Aim of the exercise: All lines from the one containing "Choose icons for" through the last line of the listing should be given again exactly, with no pictures.

The data:
____________
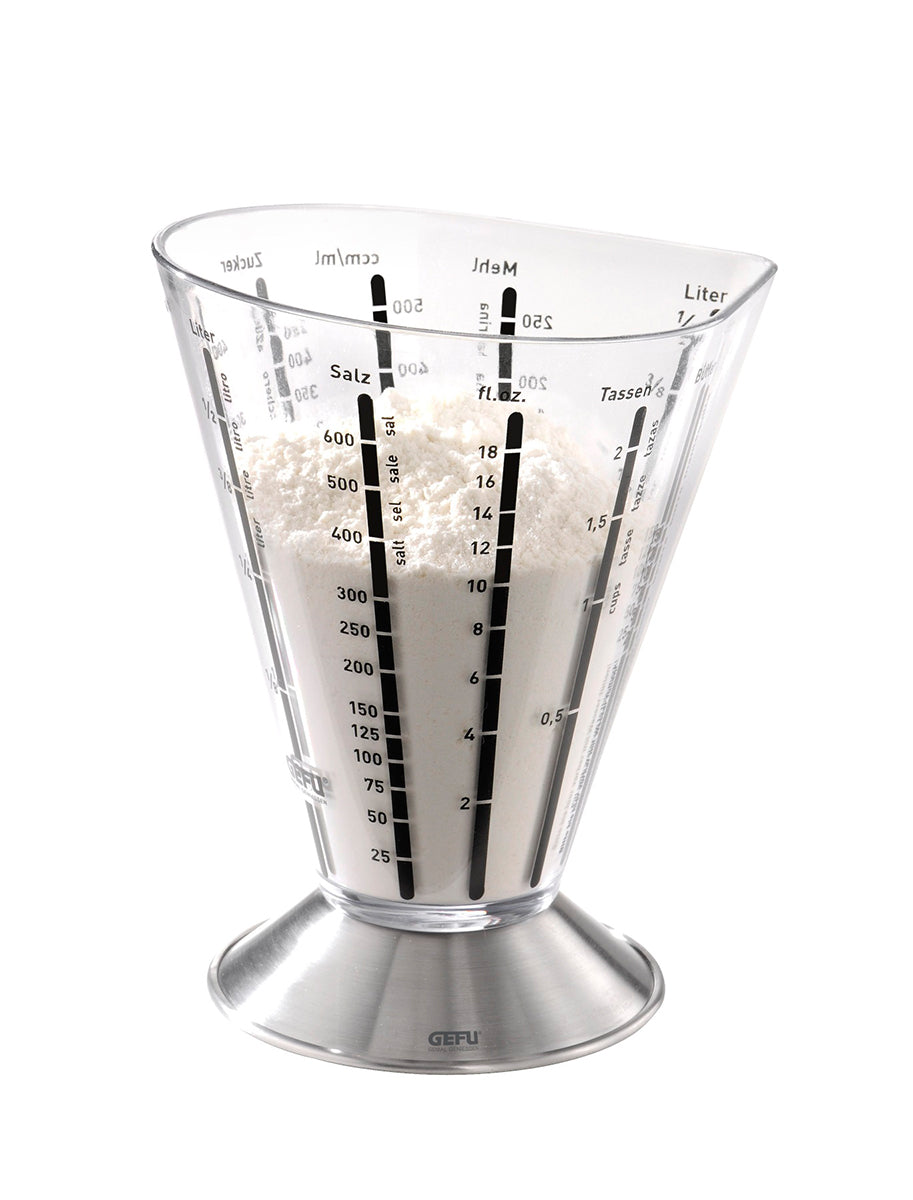The outside graduation of this useful measuring cup makes it possible to read even tiny quantities. In addition, it allows the weighing of butter through displacement of water. For measuring: flour, sugar, rice / pot barley, salt, weighing butter. More Parameters: liters, ccm / ml, fl. oz, cups
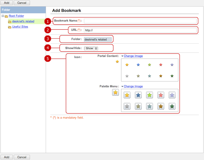 Choose icons for the bookmark. You can set icon to be displayed in the portal content and icon to be displayed in the palette menu. Icon can be selected from predefined icons. When you press "Change Image" link and choose "Upload Image" from the menu, the uploading screen is displayed. You can press "Browse" button to choose an image file to upload.
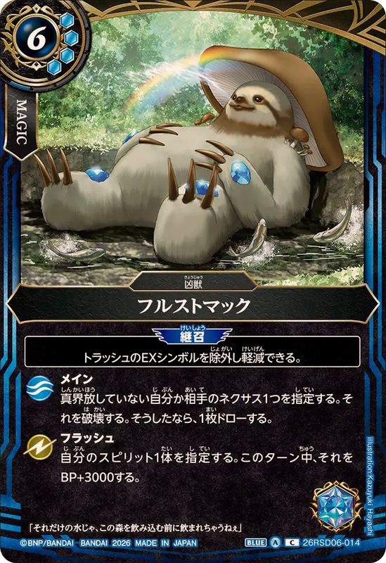 _継召_トラッシュのEXシンボルを除外し軽減できる。メイン真界放していない自分か相手のネクサス1つを指定する。それを破壊する。そうしたなら、1枚ドローする。フラッシュ自分のスピリット1体を指定する。このターン中、それをBP+3000する。「それだけの水じゃ、この森を飲み込む前に飲まれちゃうねぇ」
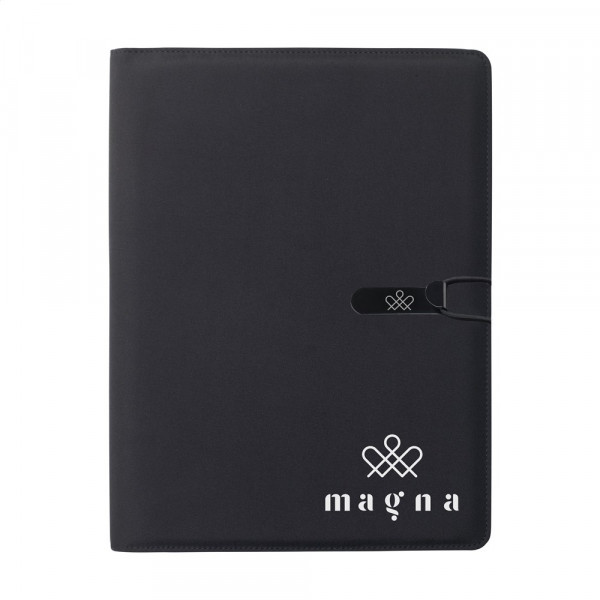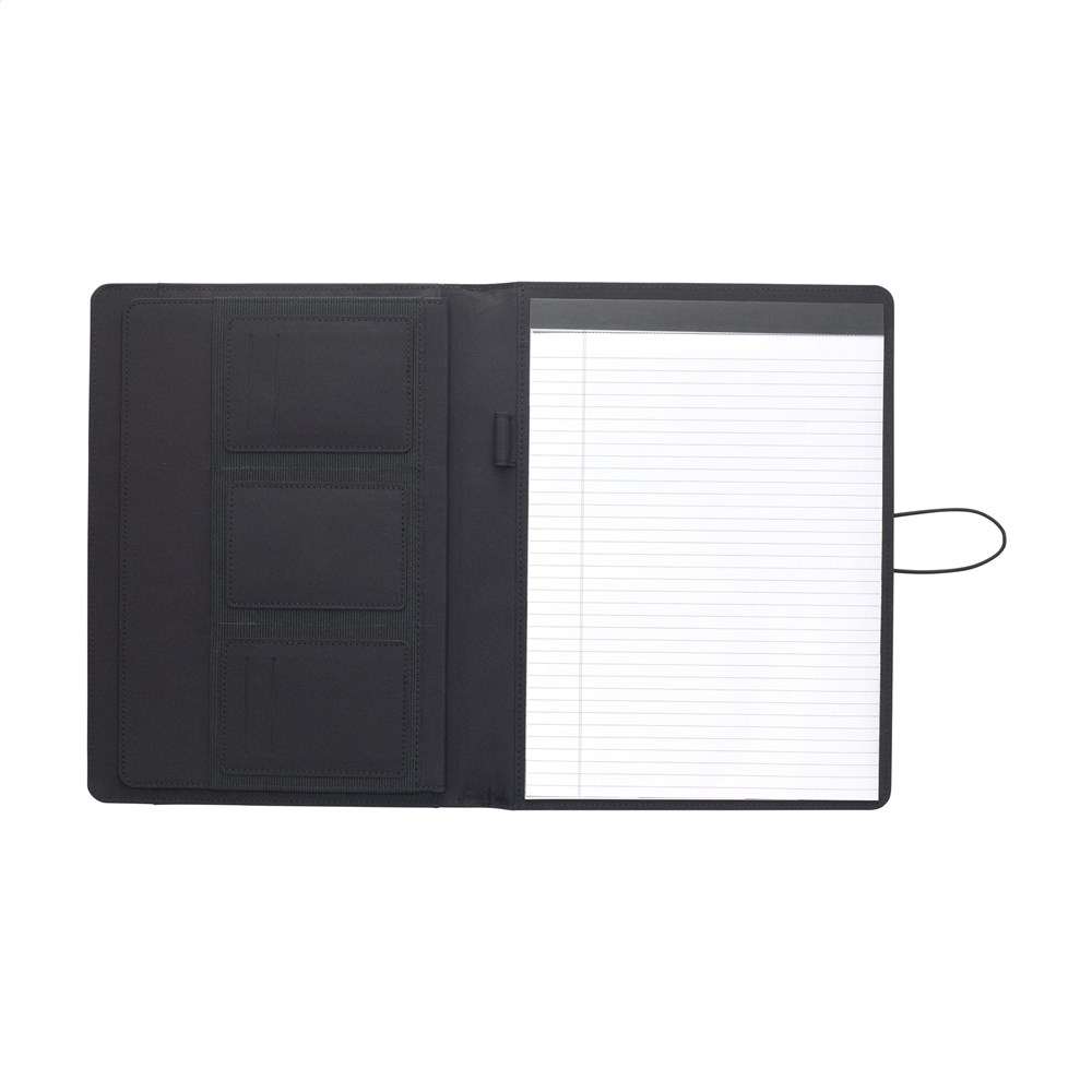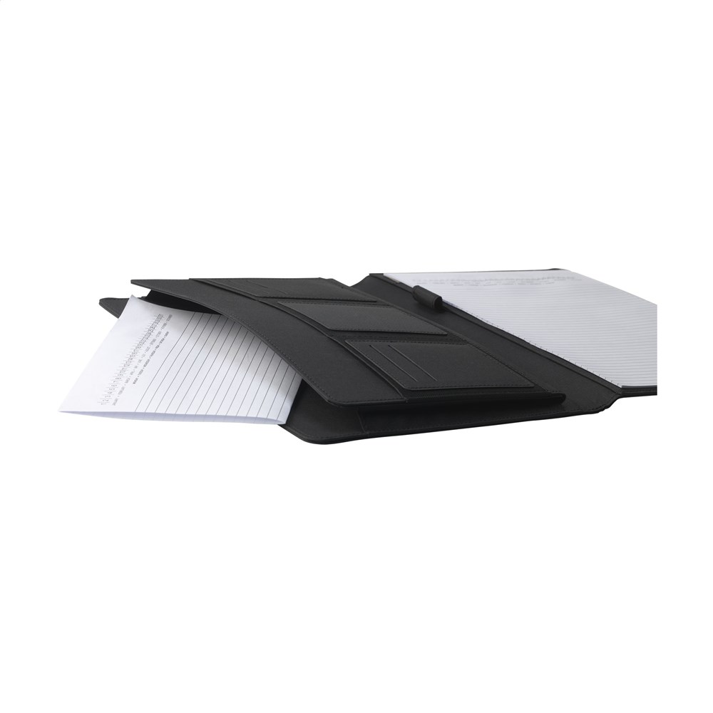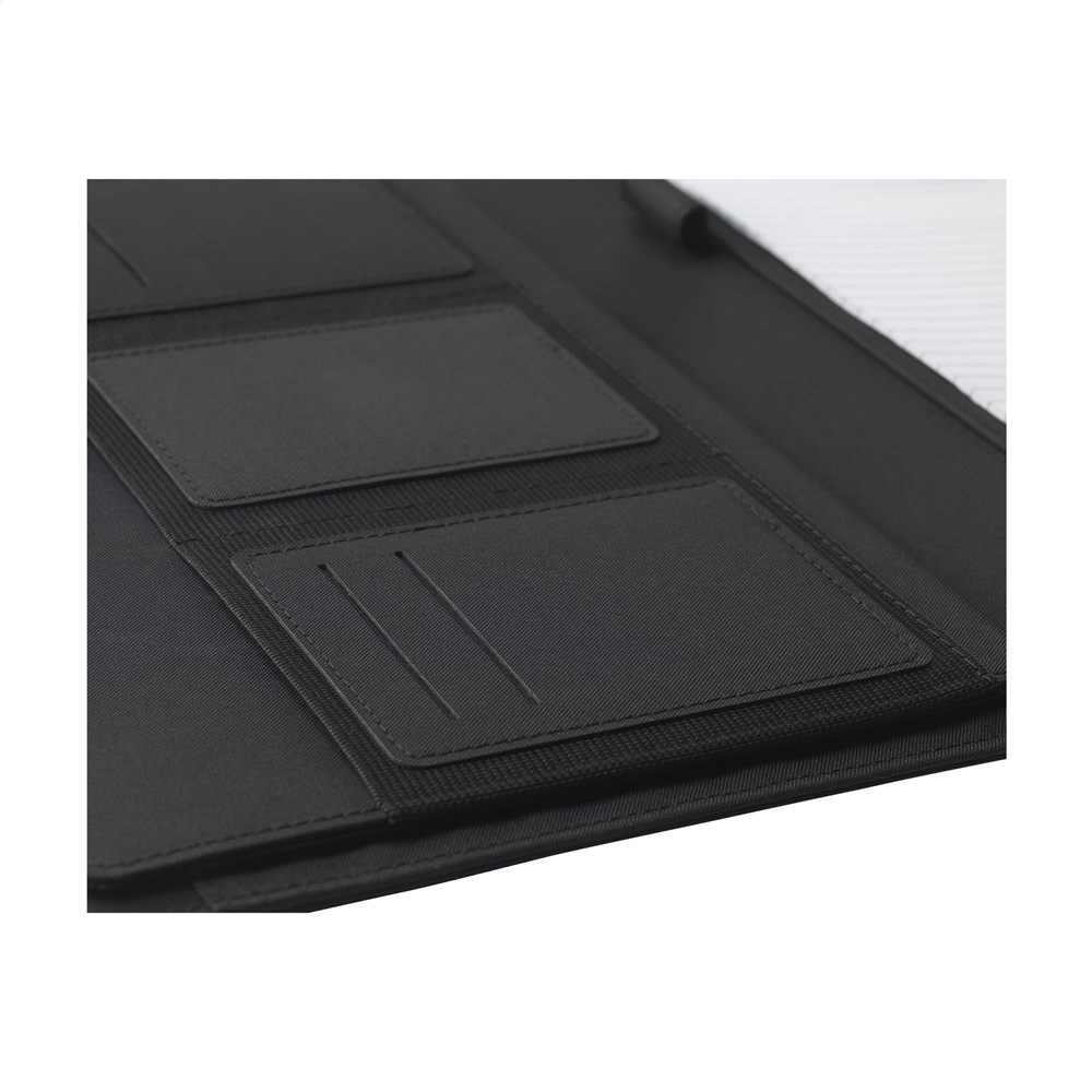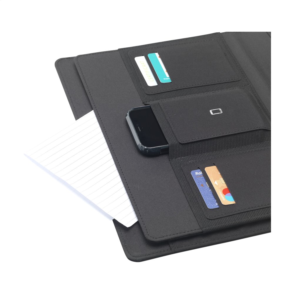 Moderne schrijfmap/documentenmap gemaakt van RPET-materiaal. In A4-formaat. Voorzien van diverse insteekvakken, waaronder een apart vak voor het opbergen van een mobiele telefoon, en een pennenlus. Incl. schrijfblok met 20 vel FSC gecertificeerd, wit gelinieerd papier (70 g/m²). RCS-gecertificeerd. Totaal gerecycled materiaal: 6%.
____________
Task response:
 Choose icons for the bookmark. You can set icon to be displayed in the portal content and icon to be displayed in the palette menu. Icon can be selected from predefined icons. When you press "Change Image" link and choose "Upload Image" from the menu, the uploading screen is displayed. You can press "Browse" button to choose an image file to upload.
 _継召_トラッシュのEXシンボルを除外し軽減できる。メイン真界放していない自分か相手のネクサス1つを指定する。それを破壊する。そうしたなら、1枚ドローする。フラッシュ自分のスピリット1体を指定する。このターン中、それをBP+3000する。「それだけの水じゃ、この森を飲み込む前に飲まれちゃうねぇ」
 Moderne schrijfmap/documentenmap gemaakt van RPET-materiaal. In A4-formaat. Voorzien van diverse insteekvakken, waaronder een apart vak voor het opbergen van een mobiele telefoon, en een pennenlus. Incl. schrijfblok met 20 vel FSC gecertificeerd, wit gelinieerd papier (70 g/m²). RCS-gecertificeerd. Totaal gerecycled materiaal: 6%.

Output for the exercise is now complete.